Título: Partido pode virar um PMDB à esquerda, prevê cientista político
Autor: Mariana Caetano
Fonte: O Estado de São Paulo, 06/11/2005, Nacional, p. A14

Aldo Fornazieri avalia, ainda, que governo Lula avançou em relação a FHC, mas falhou na renovação de costumes políticos

A nova configuração interna do PT, resultado das eleições que tiraram do Campo Majoritário a hegemonia mantida há 10 anos no Diretório Nacional, aumentará o impasse na definição dos rumos do partido e a relação "esquizofrênica" com o governo Lula. Para o cientista político Aldo Fornazieri, que acompanhou a construção do PT e sua derrocada atual, o partido corre o risco de se transformar numa espécie de "PMDB à esquerda", com o fortalecimento de lideranças regionais em detrimento do comando unificado nacional. A Fundação Escola de Sociologia e Política de São Paulo, onde Fornazieri coordena o curso de graduação, lança nesta semana um caderno especial sobre a crise política.

O governo Lula fracassou?

Se comparado com o governo FHC, o governo Lula teve êxitos importantes. O crescimento econômico é um exemplo. Mas os resultados foram muito piores em relação aos objetivos que o PT e o candidato Lula apresentaram. Fracassou também na renovação dos usos e costumes políticos brasileiros. Ao longo de sua história, o PT sempre fez o discurso da renovação. Lula pode se reeleger, mas dimensionando os resultados de seu governo face aos objetivos de mudanças e o discurso da renovação, sem dúvida ele fracassou.

E o PT?

A crise do PT é anterior ao escândalo do mensalão. Havia uma crise de capacidade na condução política do País. Isso se relacionava à insuficiência do programa governamental, ao próprio governo Lula e a um modo de direção pragmática que afetava tanto a liderança partidária quanto o governo. Os objetivos imediatos do poder passaram a ser preponderantes sobre qualquer outra consideração. Isso bloqueou a capacidade de desenvolver um programa estratégico de longo prazo.

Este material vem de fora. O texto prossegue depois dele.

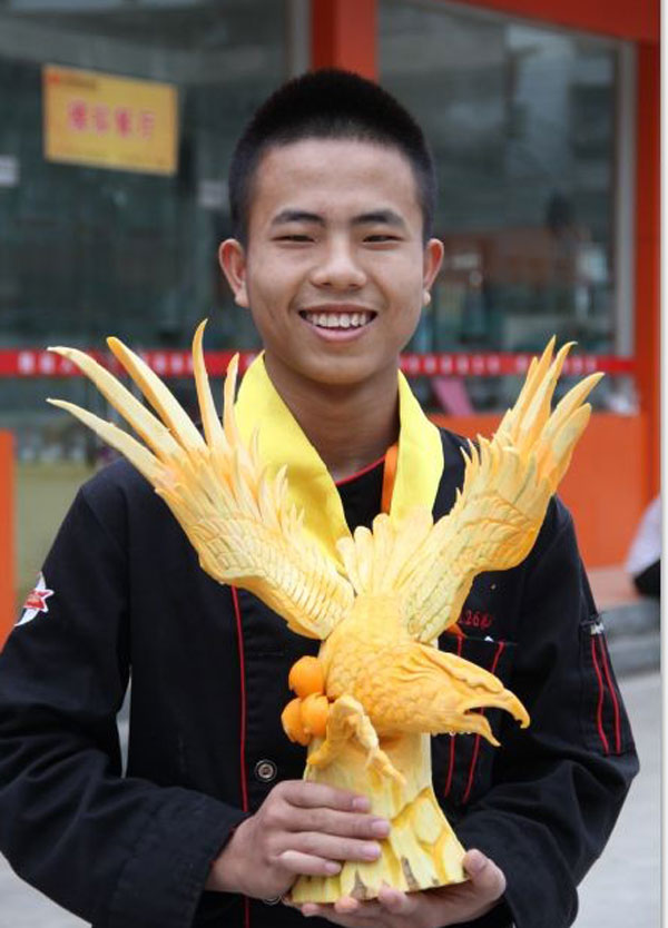 此次两年制大厨126、127班的雕刻阶段考核又是一次提升学生雕刻水平的机会,这个班级已经在广西华南烹饪学校学习了一年多的时间,雕刻技术和其它烹饪技术都相当熟练,但是他们还是没有放松学习的劲头,每一次的练习都是一个提升和成长的过程。在阶段考核的过程中,可以让老师及时发现学生雕刻出现的问题,及时让他们认识到自己的不足,这样才可以让他们有进一步的提升。

De que forma isso afetou o partido?

O PT se dividiu em dois blocos: uma esquerda combativa, mas anacrônica, e o Campo Majoritário, afundado dentro de uma condução pragmática do partido e do governo. O governo acabou dando alguns passos adiante em relação àquilo que o PT tinha elaborado e isso criou um paradoxo: o partido não acompanhou os passos positivos que Lula deu. Esta esquizofrenia se manifestou em impasses, críticas e incapacidade de condução política. Governo e o PT não conseguiram coesionar sua base política no Congresso em torno de eixos programáticos e estratégicos. Ficaram presos à armadilha fisiológica, que levou a deslizes éticos.

A eleição interna desbloqueou a capacidade de construir esse projeto?

Pelo contrário. Os impasses se aprofundaram porque o PT não tem um grupo com maioria definida e tudo terá de ser negociado. Na sua essência, um partido é um organismo de direção e comando. Se não é capaz de definir para onde quer ir, vive em impasses. A crise no partido tende a se aprofundar.

O que pode ocorrer com o PT?

Com o enfraquecimento do mando nacional, as lideranças regionais vão agir com mais autonomia. Isso já está ocorrendo no Rio Grande do Sul, em São Paulo e Minas Gerais. Além disso tem o problema das tendências. O PT é um conglomerado de tendências e, como não há hegemonia clara de nenhum grupo, isso contribui para a fragmentação e a ambigüidade. Para as eleições presidenciais, Lula terá de definir um comando político próprio. E precisará convencer o PT do caminho que escolheu, a menos que faça uma campanha com uma relativa autonomia em relação ao partido. É claro que o PT estará engajado na campanha, mas dada a fragilidade da legenda neste momento, o governo poderá se impor sobre o partido.

O que se pode esperar de um eventual novo governo Lula?

É difícil fazer um prognóstico, mas tende a ser um governo mais ao centro do que o atual.

Mas a expectativa do PT é puxá-lo mais à esquerda.

O PT deve perder força política, especialmente na Câmara. Diante disso, Lula terá de compor uma base de sustentação mais ao centro. O PMDB poderá ser seu grande fiador.